WHAT YOU WILL DO
Word for word, return the lines below from the first through the line that has "國家能源局印發(fā)《智能化示范煤礦驗(yàn)收管理辦法(試行)》", dropping the pictures.

RECORDED INFORMATION
....
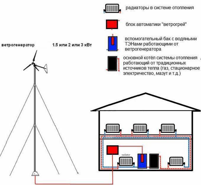 Pour un climat avec un long hiver, les modèles à rotor vertical conviennent mieux. Vous pouvez installer un tel appareil au sol ou sur un mât bas. De plus, il peut être directement raccordé au réseau électrique avec un réchauffeur et une chaudière. Dans ce cas, vous pouvez essayer de vous passer d'onduleur et de batteries. Le plus souvent, un tel schéma de connexion peut être mis en œuvre de vos propres mains sans l'intervention d'organisations tierces. Une telle éolienne peut servir à fournir de la chaleur.
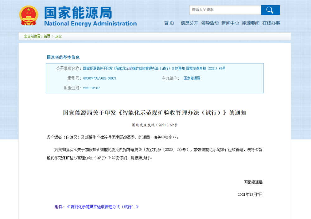 國家能源局印發(fā)《智能化示范煤礦驗(yàn)收管理辦法(試行)》
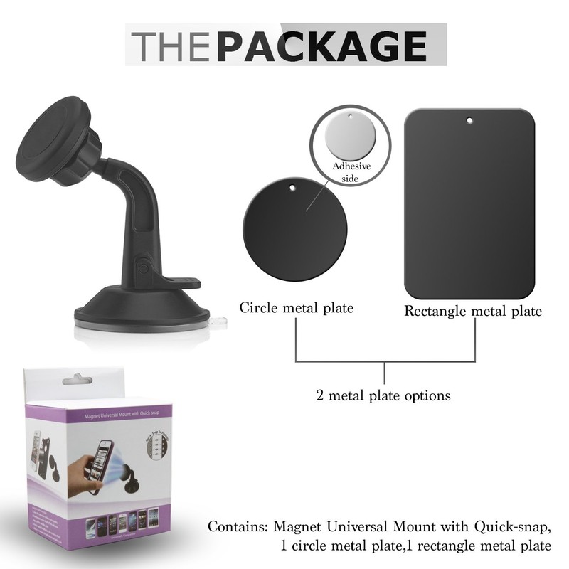 - Very easy installation! Just attached the mount to the windshield or to the dashboard, put the magnet between your phone and your phone case.
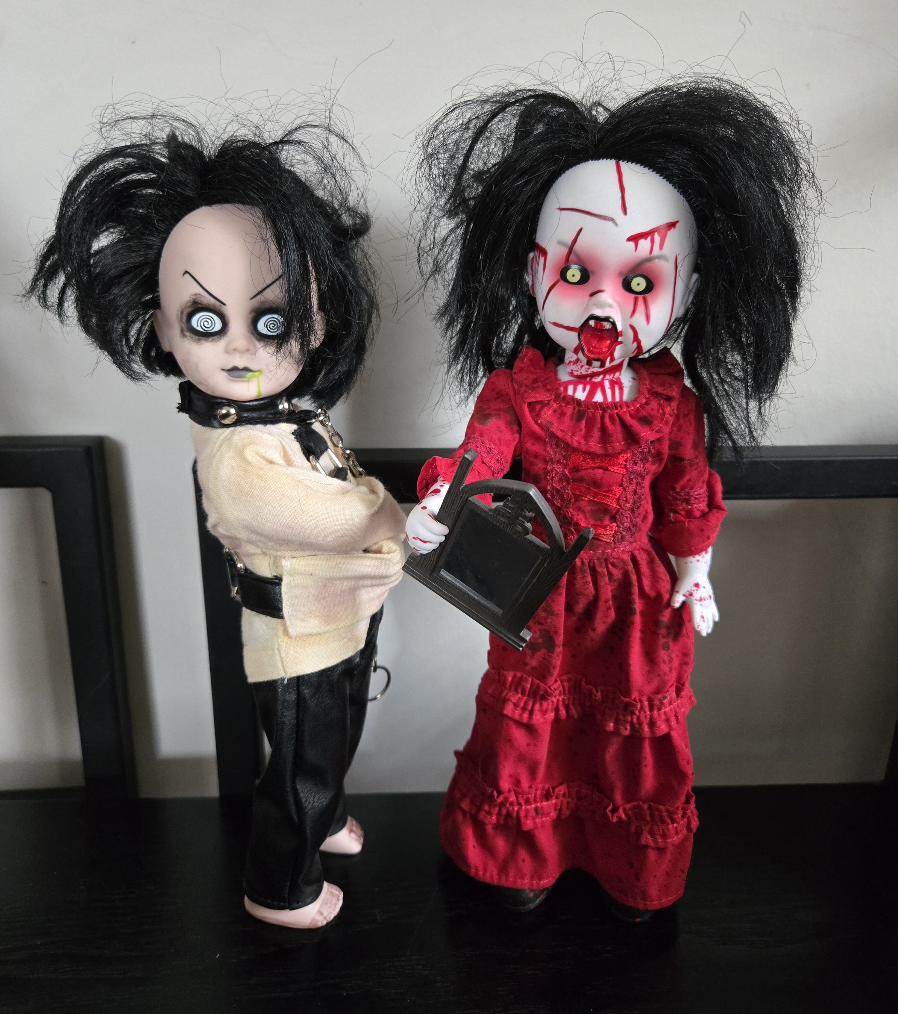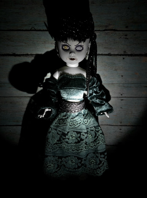 EDIT: The owner who photographed the Resurrection Lusts unmasked did some custom work which misled me. While the hair makes perfect sense, both dolls are officially bald, which makes sense because they need to fit in their cowls. Of course the hair wasn't official-- though it looks good on them. Previous LDD nun character Bad Habit was bald for the same purpose.
....
SOLUTION FOR THIS EXERCISE
 Pour un climat avec un long hiver, les modèles à rotor vertical conviennent mieux. Vous pouvez installer un tel appareil au sol ou sur un mât bas. De plus, il peut être directement raccordé au réseau électrique avec un réchauffeur et une chaudière. Dans ce cas, vous pouvez essayer de vous passer d'onduleur et de batteries. Le plus souvent, un tel schéma de connexion peut être mis en œuvre de vos propres mains sans l'intervention d'organisations tierces. Une telle éolienne peut servir à fournir de la chaleur.
 國家能源局印發(fā)《智能化示范煤礦驗(yàn)收管理辦法(試行)》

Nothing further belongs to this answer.